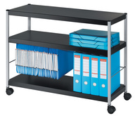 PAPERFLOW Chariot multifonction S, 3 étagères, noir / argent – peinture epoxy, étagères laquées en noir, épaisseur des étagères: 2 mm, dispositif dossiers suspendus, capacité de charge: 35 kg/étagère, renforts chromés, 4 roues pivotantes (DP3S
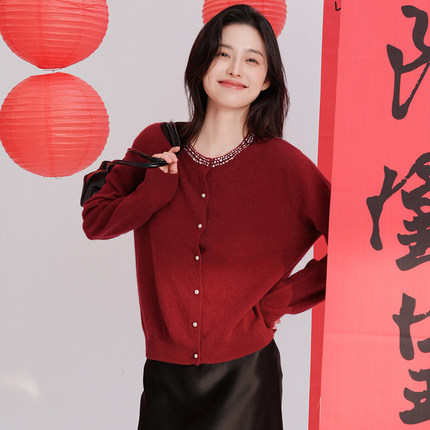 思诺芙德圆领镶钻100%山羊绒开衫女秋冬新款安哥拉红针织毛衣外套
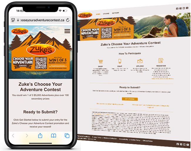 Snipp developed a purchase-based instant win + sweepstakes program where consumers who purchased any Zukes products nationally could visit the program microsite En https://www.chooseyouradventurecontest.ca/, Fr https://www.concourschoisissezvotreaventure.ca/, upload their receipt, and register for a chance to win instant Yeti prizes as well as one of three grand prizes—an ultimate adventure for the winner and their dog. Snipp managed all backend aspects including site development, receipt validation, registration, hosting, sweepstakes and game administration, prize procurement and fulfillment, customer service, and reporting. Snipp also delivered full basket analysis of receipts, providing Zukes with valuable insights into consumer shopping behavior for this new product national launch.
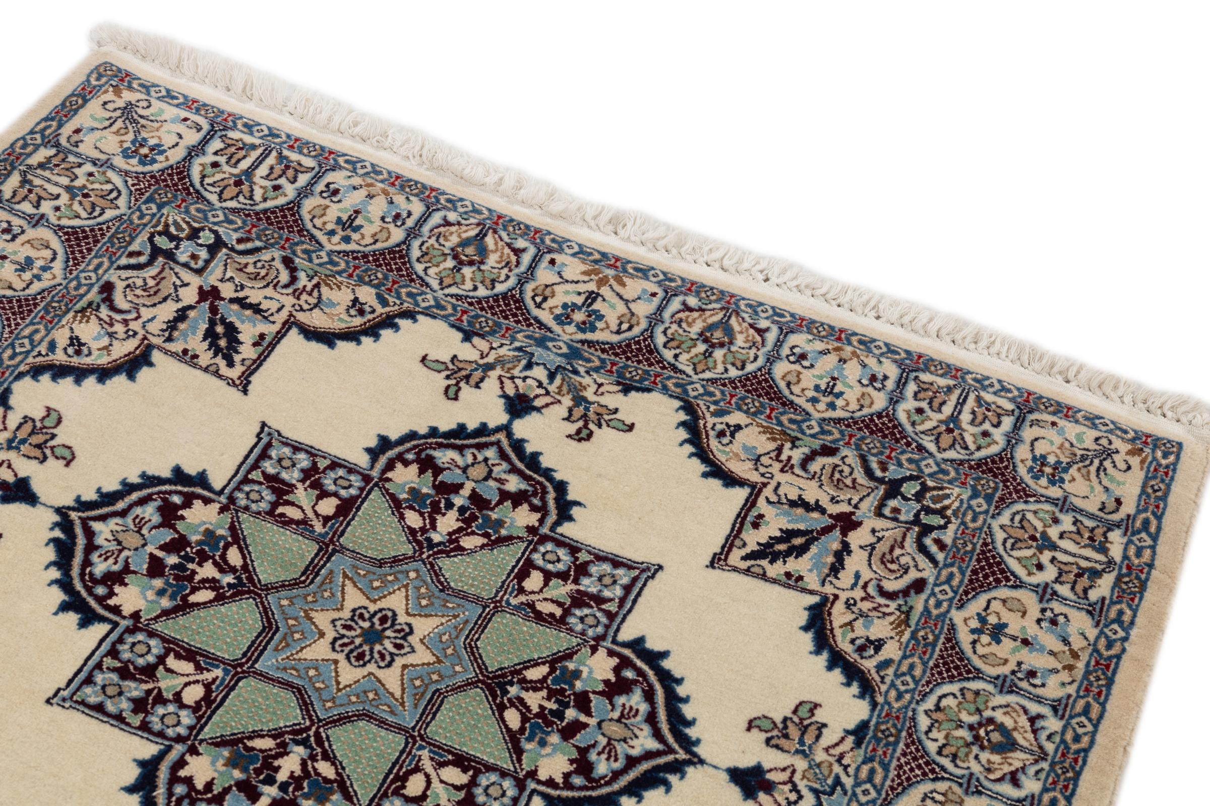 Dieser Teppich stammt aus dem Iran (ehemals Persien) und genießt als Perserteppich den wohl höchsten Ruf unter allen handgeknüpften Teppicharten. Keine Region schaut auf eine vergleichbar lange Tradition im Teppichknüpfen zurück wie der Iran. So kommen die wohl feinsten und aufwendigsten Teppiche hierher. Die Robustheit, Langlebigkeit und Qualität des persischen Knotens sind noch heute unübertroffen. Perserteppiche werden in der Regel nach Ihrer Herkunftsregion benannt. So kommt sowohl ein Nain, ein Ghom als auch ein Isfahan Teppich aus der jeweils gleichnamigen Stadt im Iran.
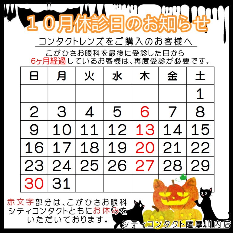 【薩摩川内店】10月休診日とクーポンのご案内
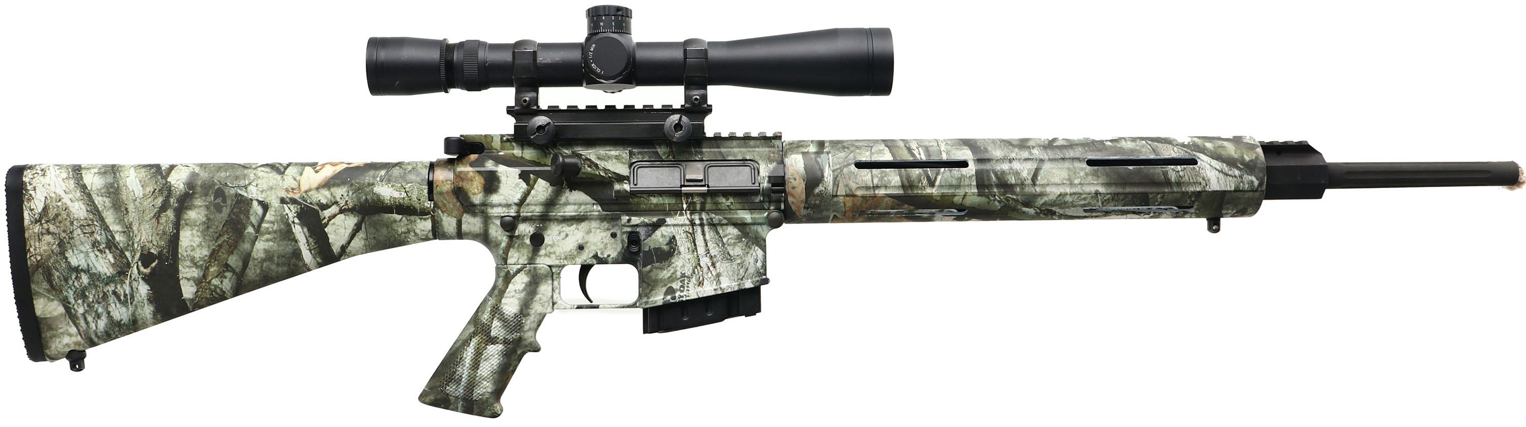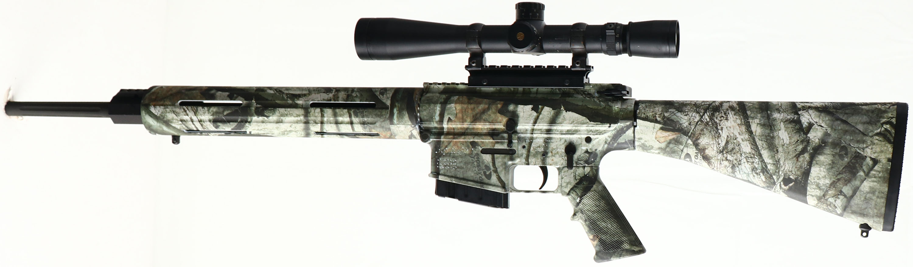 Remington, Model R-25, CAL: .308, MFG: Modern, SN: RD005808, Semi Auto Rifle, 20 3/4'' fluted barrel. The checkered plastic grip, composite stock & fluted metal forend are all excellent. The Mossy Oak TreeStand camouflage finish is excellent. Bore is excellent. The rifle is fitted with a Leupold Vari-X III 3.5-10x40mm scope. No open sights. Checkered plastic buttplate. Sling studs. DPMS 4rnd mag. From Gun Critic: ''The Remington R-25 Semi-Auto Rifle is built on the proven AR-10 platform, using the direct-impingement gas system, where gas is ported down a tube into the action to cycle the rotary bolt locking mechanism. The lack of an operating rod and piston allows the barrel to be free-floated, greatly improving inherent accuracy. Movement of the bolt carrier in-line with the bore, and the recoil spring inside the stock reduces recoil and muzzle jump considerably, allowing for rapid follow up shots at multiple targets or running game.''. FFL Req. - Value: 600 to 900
• • • • •
= ASSIGNMENT =
Would you please set down the listing above exactly, minus its images?

= TASK ANSWER =
 PAPERFLOW Chariot multifonction S, 3 étagères, noir / argent – peinture epoxy, étagères laquées en noir, épaisseur des étagères: 2 mm, dispositif dossiers suspendus, capacité de charge: 35 kg/étagère, renforts chromés, 4 roues pivotantes (DP3S
 思诺芙德圆领镶钻100%山羊绒开衫女秋冬新款安哥拉红针织毛衣外套
 Snipp developed a purchase-based instant win + sweepstakes program where consumers who purchased any Zukes products nationally could visit the program microsite En https://www.chooseyouradventurecontest.ca/, Fr https://www.concourschoisissezvotreaventure.ca/, upload their receipt, and register for a chance to win instant Yeti prizes as well as one of three grand prizes—an ultimate adventure for the winner and their dog. Snipp managed all backend aspects including site development, receipt validation, registration, hosting, sweepstakes and game administration, prize procurement and fulfillment, customer service, and reporting. Snipp also delivered full basket analysis of receipts, providing Zukes with valuable insights into consumer shopping behavior for this new product national launch.
 Dieser Teppich stammt aus dem Iran (ehemals Persien) und genießt als Perserteppich den wohl höchsten Ruf unter allen handgeknüpften Teppicharten. Keine Region schaut auf eine vergleichbar lange Tradition im Teppichknüpfen zurück wie der Iran. So kommen die wohl feinsten und aufwendigsten Teppiche hierher. Die Robustheit, Langlebigkeit und Qualität des persischen Knotens sind noch heute unübertroffen. Perserteppiche werden in der Regel nach Ihrer Herkunftsregion benannt. So kommt sowohl ein Nain, ein Ghom als auch ein Isfahan Teppich aus der jeweils gleichnamigen Stadt im Iran.
 【薩摩川内店】10月休診日とクーポンのご案内
 Remington, Model R-25, CAL: .308, MFG: Modern, SN: RD005808, Semi Auto Rifle, 20 3/4'' fluted barrel. The checkered plastic grip, composite stock & fluted metal forend are all excellent. The Mossy Oak TreeStand camouflage finish is excellent. Bore is excellent. The rifle is fitted with a Leupold Vari-X III 3.5-10x40mm scope. No open sights. Checkered plastic buttplate. Sling studs. DPMS 4rnd mag. From Gun Critic: ''The Remington R-25 Semi-Auto Rifle is built on the proven AR-10 platform, using the direct-impingement gas system, where gas is ported down a tube into the action to cycle the rotary bolt locking mechanism. The lack of an operating rod and piston allows the barrel to be free-floated, greatly improving inherent accuracy. Movement of the bolt carrier in-line with the bore, and the recoil spring inside the stock reduces recoil and muzzle jump considerably, allowing for rapid follow up shots at multiple targets or running game.''. FFL Req. - Value: 600 to 900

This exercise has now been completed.